The positive changes I see in you and in myself tell me that we can both move past who we used to be. Like I said, I’m not better yet. I know you still feel like I’m not the best daughter, that maybe I’m ungrateful sometimes but I hope you can see that I’m trying so hard to change.
I can’t erase what happened. I can’t erase the emotional abuse and I can’t erase the fact that I ignored you throughout my teenage years. I can’t ignore it either, as so much of who I am is surrounded by this cloud, but I want to understand it. I have been able to see that you acted that way because of stress. I know that it was from my sister’s mental illness and you transitioning to being what is essentially a single parent. I know you were expanding your business and stressing out because you had to stop doing what you love. I know you hated coming home after working all day to a daughter who was afraid of you. I finally can understand this, and I hope you will be able to someday understand my side of things as well.

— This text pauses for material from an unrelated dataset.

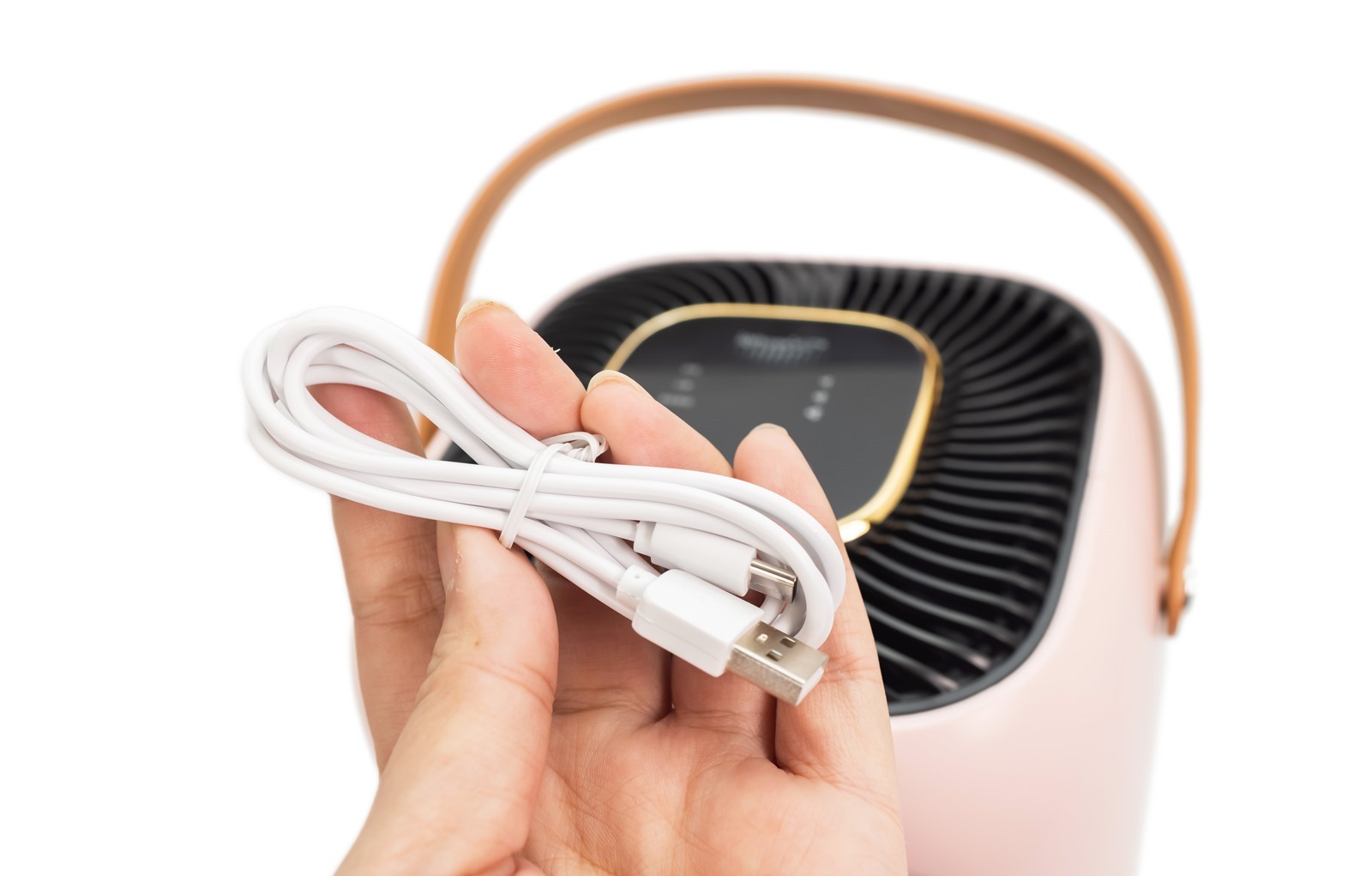 最棒的是,只要用充電線即可供電,不管是 Type C 或是家裡人手一條的 Type B 都可以用來餵飽 LaPO,跟難處理又難收納的特規傳統充電器說再見;還可以用行動電源供電,完美解決電線的收納與牽線問題,不用的時候它就是可愛的小擺設,電線通通收起來;要用的時候就直接接著行動電源也沒問題,非常方便!

I’m done being bitter. I want a father figure in my life, I need a parent in my life. I am tired of playing the role of my own guardian because I’m only 18. I want a positive relationship with you. I want to stop feeling like I have no family. I want you to be happy again, like you were when our family is whole. I want to be able to take the bags from under your eyes and give back the moments you missed when you should have-could have been raising your daughter.
I am forgiving you because I think we both need the family that we’ve been missing out on over the last seven years. I hope you can forgive me too.